Presented By O'Reilly and Cloudera
Make Data Work
September 25–26, 2017: Training
September 26–28, 2017: Tutorials & Conference
New York, NY

Analytics at Wikipedia

Andrew Otto (Wikimedia Foundation), Fangjin Yang (Imply)
1:15pm1:55pm Thursday, September 28, 2017
Big data and the Cloud, Data Engineering & Architecture
Location: 1A 21/22 Level: Intermediate
Secondary topics:  Data for good, Media, Platform

Who is this presentation for?

  • Architects and developers

Prerequisite knowledge

  • A basic understanding of distributed systems

What you'll learn

  • Learn how the Wikimedia Foundation uses Druid for analytics

Description

The Wikimedia Foundation (WMF) is a nonprofit charitable organization. As the parent company of Wikipedia, one of the most visited websites in the world, WMF faces many unique challenges around its ecosystem of editors, readers, and content. Andrew Otto and Fangjin Yang explain how the WMF does analytics and offer an overview of the technology it uses to efficiently process pageviews that at peak run at about 200,000 reqs/sec.

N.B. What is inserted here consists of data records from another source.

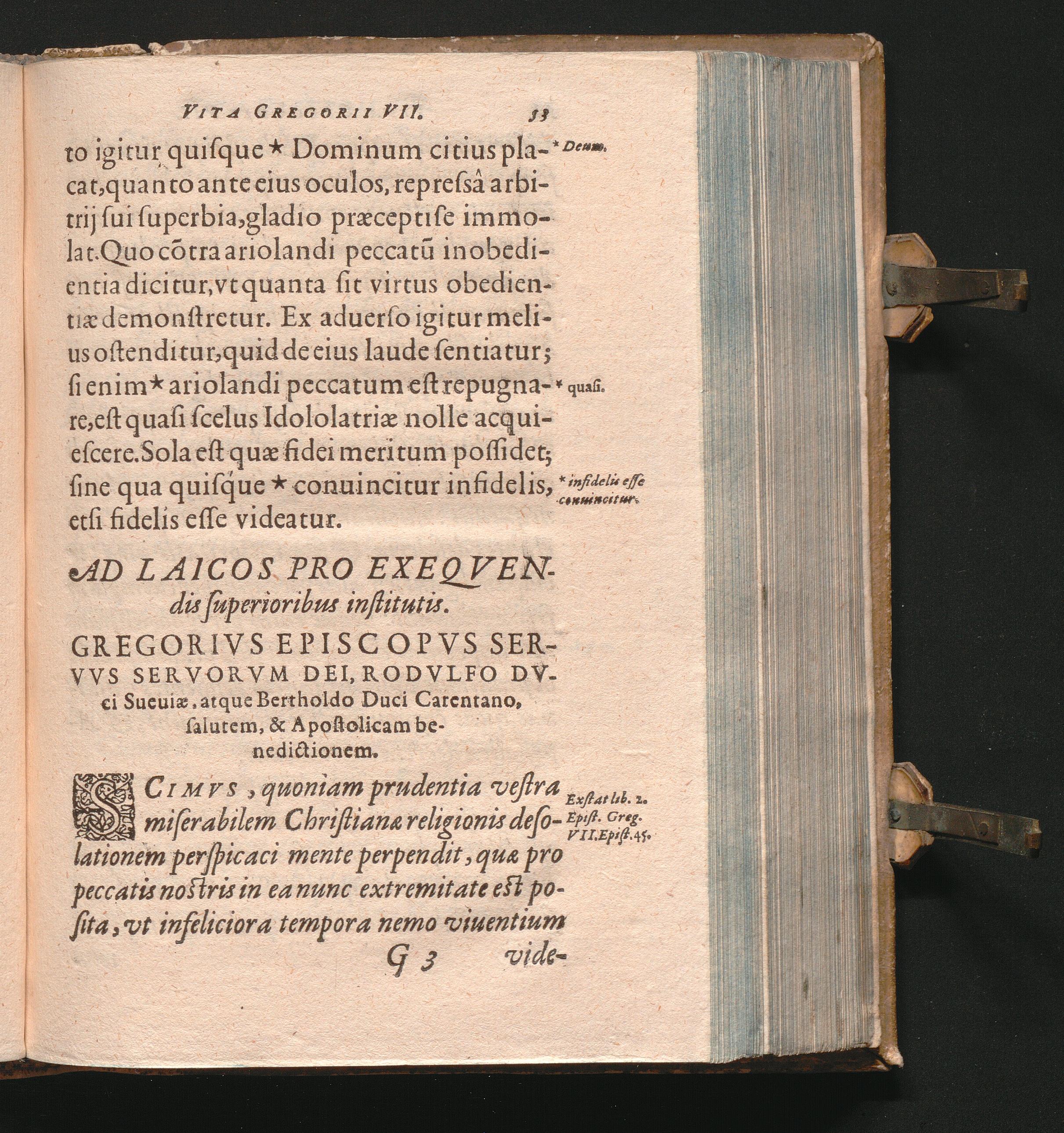 Ad Laicos Pro Exeqvendis superioribus institutis. Gregorivs Episcopvs Servvs Servorvm[...]
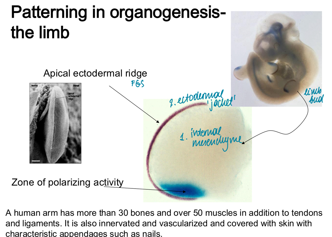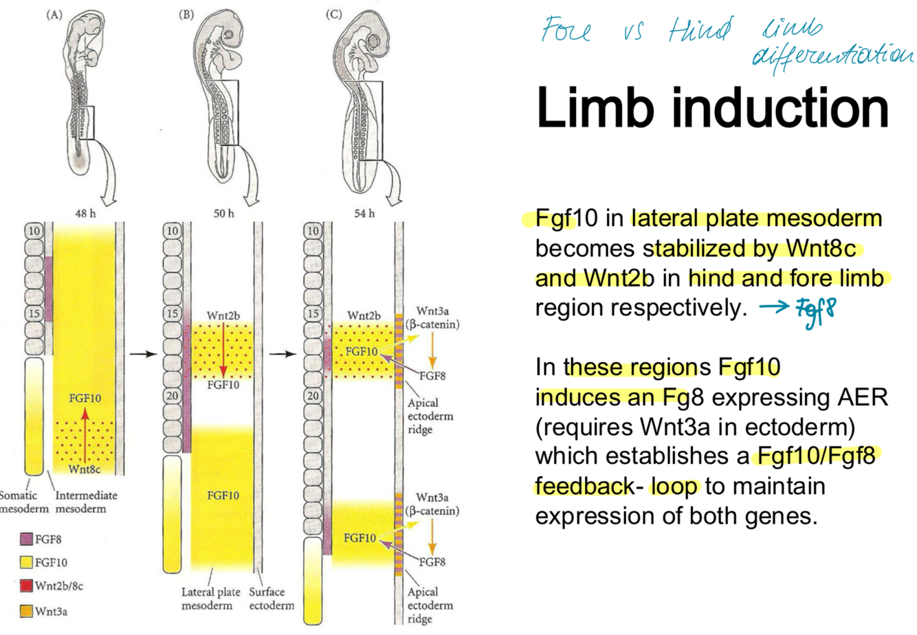 - in the set limb bud regions Fgf10 -> Fgf8 expression => apical ectodermal ridge (AER) formation
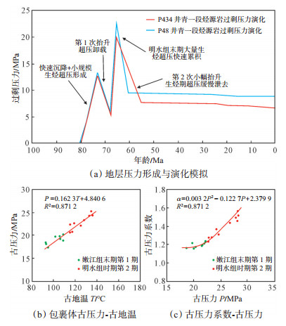 研究区泉四段为典型的“源下型”致密油,由古龙凹陷青一段烃源岩生烃增压形成的超压是油气克服自身浮力、致密储层毛细管力向下“倒灌”的主要动力[23-24]。研究区P48井和P434井单井埋藏史和热史模拟表明,嫩江组沉积时期青一段烃源岩达到生烃门限并开始生烃,在青一段内部形成12.65~14.82 MPa的超压,略早于油气大规模充注,但该时期超压随盆地抬升而迅速卸载(图 8a);明水组沉积末期烃源岩大规模成熟,形成19.6~23.5 MPa的超压,是青一段油气向下倒灌进入泉四段储层和致密油充注成藏的重要动力[25]。应用PVT simulation技术估算包裹体最小捕获压力表明,古压力与古温度呈良好的正相关关系,嫩江组沉积末期第1期油气充注,地层压力为16.50~20.60 MPa(图 8b),对应的压力系数为1.08~1.23,地层超压较小;明水组沉积时期第2期油气充注,地层压力为2 0.80~25.30 MPa,大部分样品压力系数大于1.20,为1.25~1.52,最高达1.58(图 8c),表明该时期存在超压流体活动,这为油气向外大规模排烃创造了有利条件。

Many folks may not realize the WMF has a dedicated data analytics team that is responsible for building out the foundation’s logging and data mining infrastructure—and for making Wikimedia-related statistics available to the other teams at the foundation and, perhaps more importantly, to the world at large. Analytics tracking in the Wikimedia movement started with measuring article and editor counts and has grown to support various metrics, summary formats, and visualizations. As the analytics capabilities grow more sophisticated, they play an increasingly important role in helping guide decisions.

One of the technologies the foundation leverages for its analytics is the Druid open source project, a column-oriented distributed database. Andrew and Fangjin cover Druid’s architecture and use cases and explain how it has complemented workflows at WMF.

Photo of Andrew Otto

Andrew Otto

Wikimedia Foundation

Andrew Otto is a systems engineer at the Wikimedia Foundation, where he supports the analytics team by architecting and maintaining small and big data analytics infrastructure. Previously, Andrew was the lead systems administrator at CouchSurfing.org. He is based in Brooklyn, NY, and spends too much time playing hardcourt bike polo.

Photo of Fangjin Yang

Fangjin Yang

Imply

Fangjin Yang is a coauthor of the open source Druid project and a cofounder of Imply, a data analytics startup based in San Francisco. Previously, Fangjin held senior engineering positions at Metamarkets and Cisco Systems. Fangjin has a BASc in electrical engineering and an MASc in computer engineering from the University of Waterloo, Canada.